Output a report of the various times take to read the files.
  
This command requires elevated priveleges to run.  It will purge your disc
cache multiple times while running,  and will spike the I/O of your machine.
Run with care.

==== Synopsis

  readorder test [filelist*] [options]+

  filelist (-1 ~> filelist=#<IO:0x1277e4>) 
      The files containing filenames 
  --percentage=percentage (0 ~> int(percentage)) 
      What random percentage of input files to select 
  --log-level=log-level (0 ~> log-level=info) 
      The verbosity of logging, one of [ debug, info, warn, error, fatal ] 
  --log-file=log-file (0 ~> log-file) 
      Log to this file instead of stderr 
  --error-filelist=error-filelist (0 ~> error-filelist) 
      Write all the files from the filelist that had errors to this file 
  --help, -h 

==== Example result

  
                              Test Using First Of                           
    ========================================================================

      Total files read :         8052
      Total bytes read :      6575824
      Minimum filesize :          637
      Average filesize :          816.670
      Maximum filesize :         1393
      Stddev of sizes  :           86.936

                      read order   Elapsed time (sec)  Read rate (bytes/sec)
    ------------------------------------------------------------------------
                  original_order              352.403              18659.944
                    inode_number               53.606             122669.175
     first_physical_block_number               47.520             138379.024

This is the output of a a <tt>readorder test</tt> command run on a directory on
a ReiserFS filesytem containing 805,038 files, constituting 657,543,700 bytes
of data.  A sample of 1% of the files was used for the test.

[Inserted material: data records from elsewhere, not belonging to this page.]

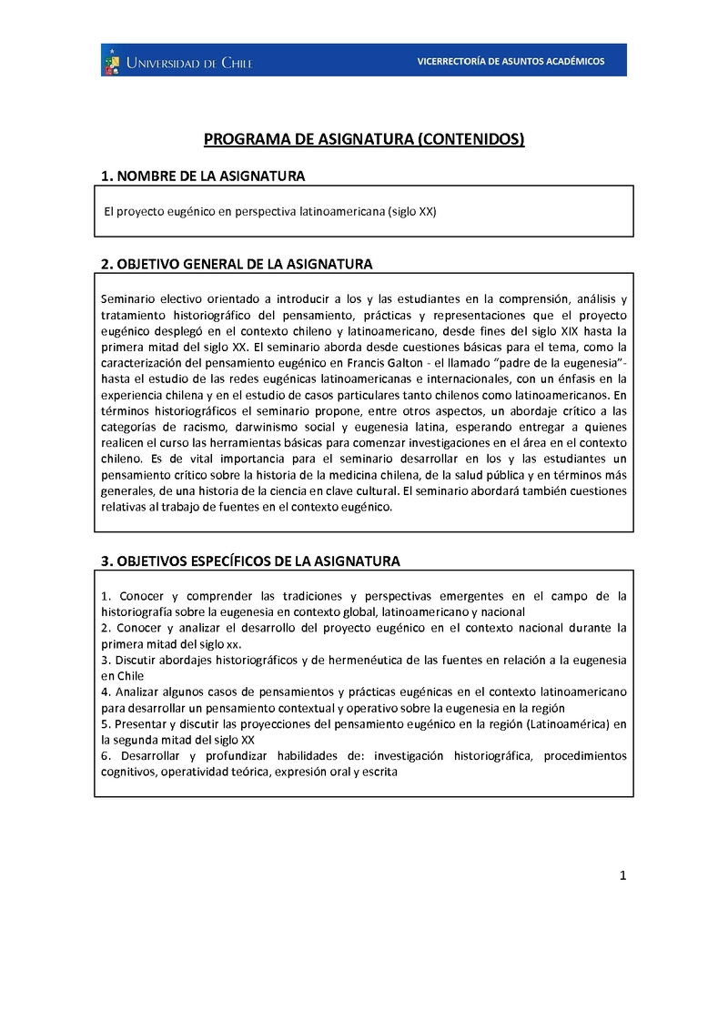 386301SE335-1 El proyecto eugénico en perspectivas latinoamericana, Siglo XX 2019, Primer Semestre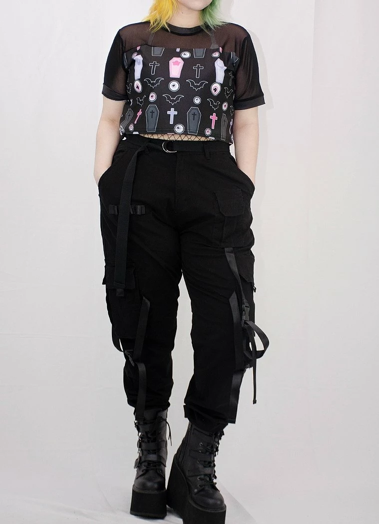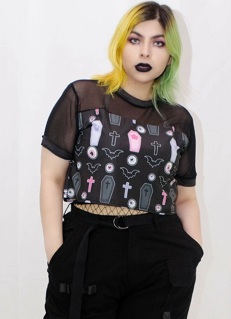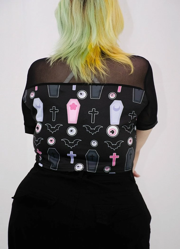 Get this Black Crop Top right now and start your pastel goth trend today, who knows what else you can get from In Control Clothing in the future. Choose this fun pastel goth crop top over any other affordable cute crop tops. Not only is it super affordable, but it features a stylish mesh design on the shoulder area that makes it even more unique. Wear it to school, a party, or just to hang out with friends – all eyes will be on you! Hashtag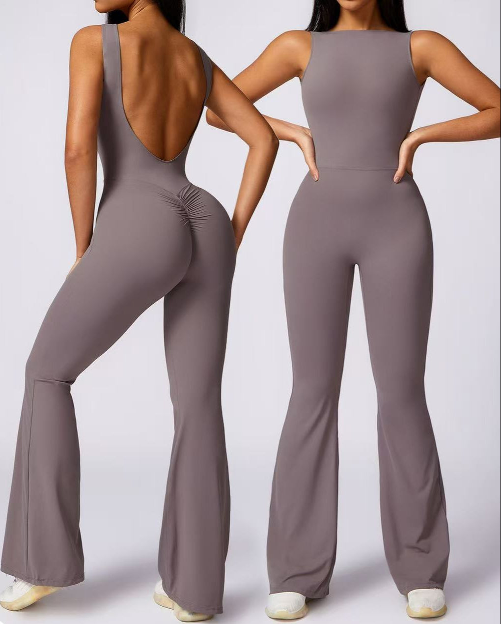 Ten elegancki kombinezon sportowy to połączenie minimalistycznego designu i pełnej funkcjonalności. Zabudowany dekolt nadaje mu nowoczesnego charakteru, a dopasowany krój pięknie podkreśla sylwetkę, jednocześnie gwarantując wygodę podczas ruchu. Rozszerzane nogawki dodają całości lekkości i stylu, dzięki czemu kombinezon świetnie sprawdzi się nie tylko podczas treningów, ale również jako element casualowych stylizacji. Wykonany z elastycznego, oddychającego materiału zapewnia komfort noszenia zarówno na siłowni, podczas jogi czy fitnessu, jak i w codziennych aktywnościach. To ponadczasowa propozycja dla kobiet, które chcą łączyć sportową wygodę z kobiecym stylem.
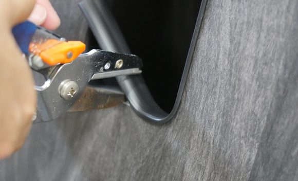 内側の曲面(アール)に打ち込みむ際も、同じようにモールに切り込みを入れることで曲面が綺麗に仕上がります。
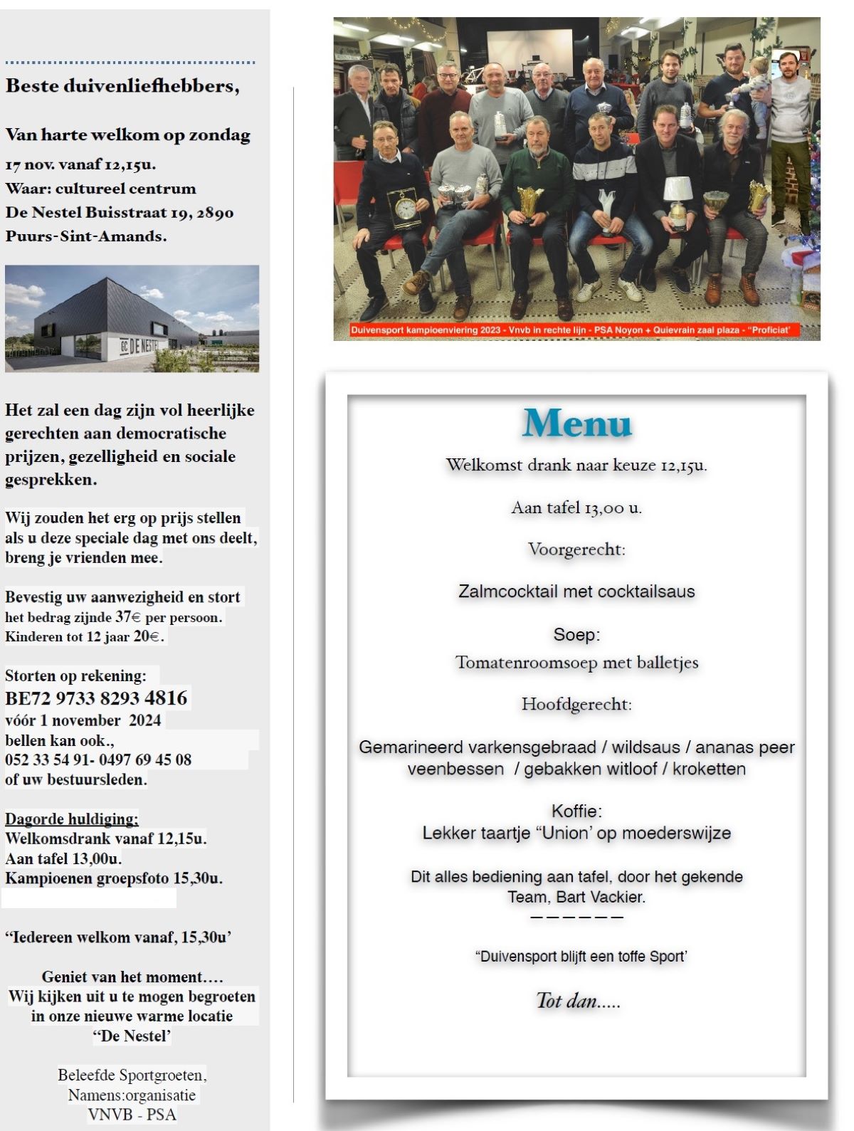 Eetfestijn Kampioenendag VERENIGD NOYONVERBOND IN RECHTE LIJN Van harte welkom op zondag 17 nov. vanaf 12,15u. Waar: cultureel centrum De Nestel Buisstraat 19, 2890 Puurs-Sint-Amands.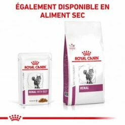 Les sachets repas Royal Canin Veterinary Diet Cat Renal Boeuf sontu00a0conu00e7ues pour les chats souffrants de troubles ru00e9naux.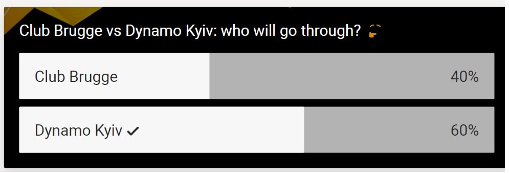 По состоянию на 8.00 (по Киеву) 24 февраля, 60% проголосовавших полагают, что дальше пойдет Динамо. Соответственно, 40% считают, что свой путь в ЛЕ продолжит Брюгге.

If we process them in their original order we can see that this will
potentially take us 9.78 hours.  If we process them in physical block number
order that is reduces to 1.31 hours.

== CREDITS

* Linux System Programming by Robert Love
* {readahead project}[https://fedorahosted.org/readahead/]

== ISC LICENSE

Copyright (c) 2009, Jeremy Hinegardner

Permission to use, copy, modify, and/or distribute this software for any
purpose with or without fee is hereby granted, provided that the above
copyright notice and this permission notice appear in all copies.

THE SOFTWARE IS PROVIDED "AS IS" AND THE AUTHOR DISCLAIMS ALL WARRANTIES
WITH REGARD TO THIS SOFTWARE INCLUDING ALL IMPLIED WARRANTIES OF
MERCHANTABILITY AND FITNESS. IN NO EVENT SHALL THE AUTHOR BE LIABLE FOR
ANY SPECIAL, DIRECT, INDIRECT, OR CONSEQUENTIAL DAMAGES OR ANY DAMAGES
WHATSOEVER RESULTING FROM LOSS OF USE, DATA OR PROFITS, WHETHER IN AN
ACTION OF CONTRACT, NEGLIGENCE OR OTHER TORTIOUS ACTION, ARISING OUT OF
OR IN CONNECTION WITH THE USE OR PERFORMANCE OF THIS SOFTWARE.